Sunday, December 7, 2008

Addicted too...

Taylor got me on this one!

Rules are, you must list 5 addictions and pass it to 5 people!
Addiction -- an abnormally strong craving

1.Joey and Sassie. (i know thats kind of two, but its one in the same). Joey and Sassie are my dogs. I love them as if they were my children. Sometimes I let them stay at Granny's house for a night and I miss them so much that I can't wait to see them.

2.Late night TV. I have to watch Two and a half men, Friends and Sex in the City almost every night. Sometimes I can't even look at the TV that late at night or I'll have to turn in on instead of going to bed.

3. Mom. I'm addicted to my mom. I'm very lucky and greatful to say that I have a mom that is one of my very best friends.

4. Milk. I have to have atleast one glass of milk every morning. I love milk.

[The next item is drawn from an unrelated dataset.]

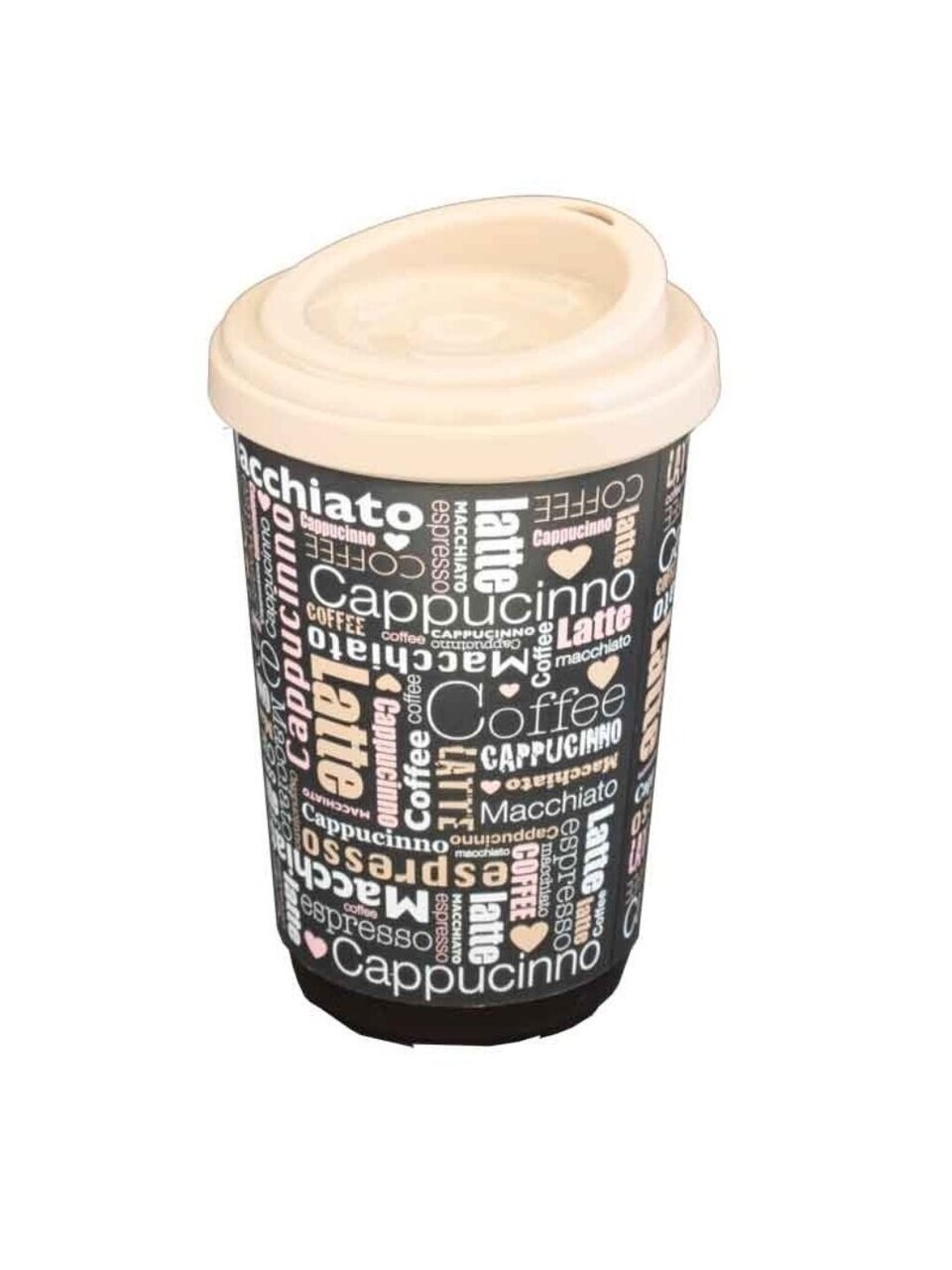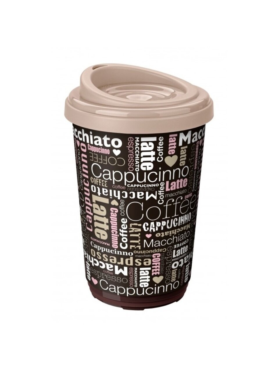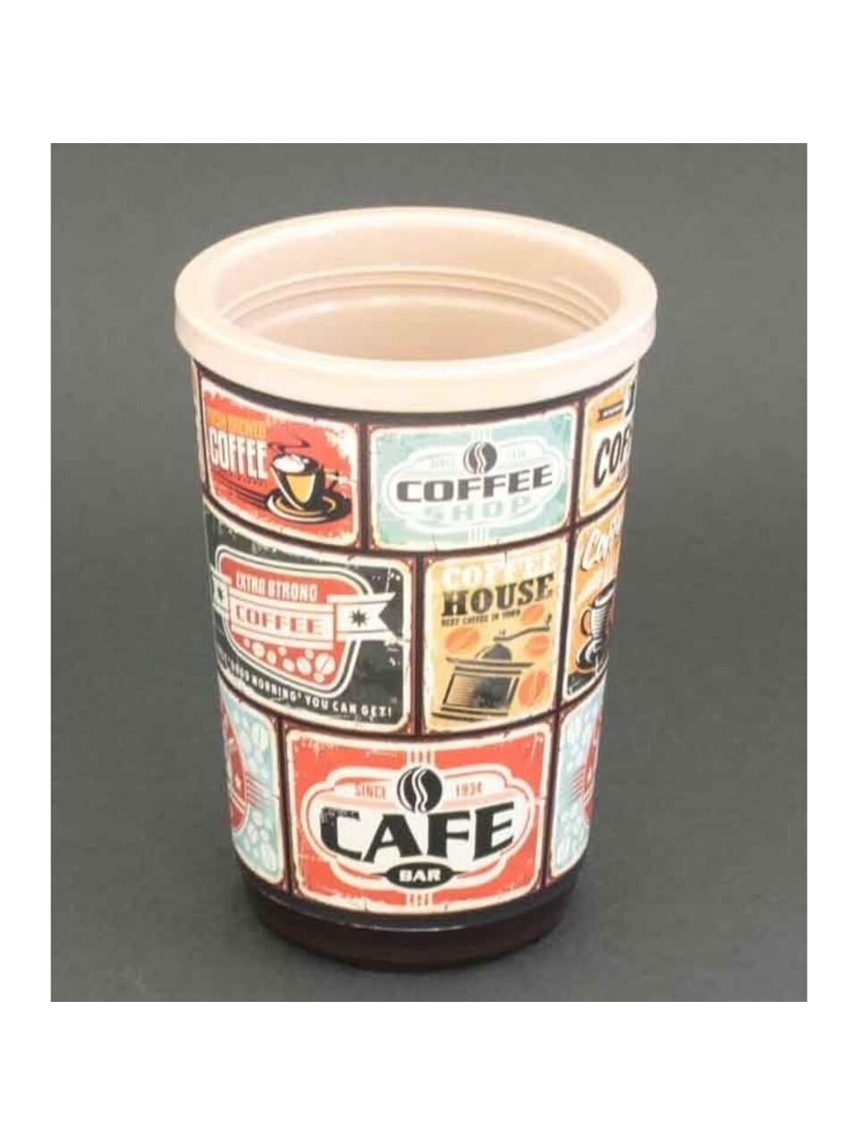 - Практичное решение для повседневного использования — пластиковая термокружка с рисунком, сохраняет температуру напитка до 2 часов.

5. Cell phone. I feel naked without it.

Ok, sorry mine was pretty boring. but now its your turn..... Andelicia, Jenni, and whoever else wants to particpate, It was kind of fun!

Tuesday, December 2, 2008

WHOLE Hearted or HeartLESS???

I was thankfully raised in a wonderful christian home, with great parents to look up to, that loved each other so much, and a brother that fell in love with a wonderful woman, and they love each other whole heartedly. I have such a big heart, it seems like everytime I try to give it, its just thrown back at me all crumbled up. I am struggling so bad with what seems to be an endless game. I don't understand why some people can say they love you and the next day do something so awful and hurt you so badly. Why can't I find that person who wants to give their heart to me whole heartedly just like I do? I don't understand how some people can be so heartLESS. I wish I could move away from my current home. Don't get me wrong, I love my own space but its so hard to live so close to people that have hurt me so badly. I want to start all over somewhere else and have a clean slate. I could move now but I can't afford to break my lease. Its more expensive to leave than it is to stay. I want and need new friends that will love on me and be true friends. I'm not forgetting my current true friends. If it weren't for them, then I don't know how I could still even stand to live here.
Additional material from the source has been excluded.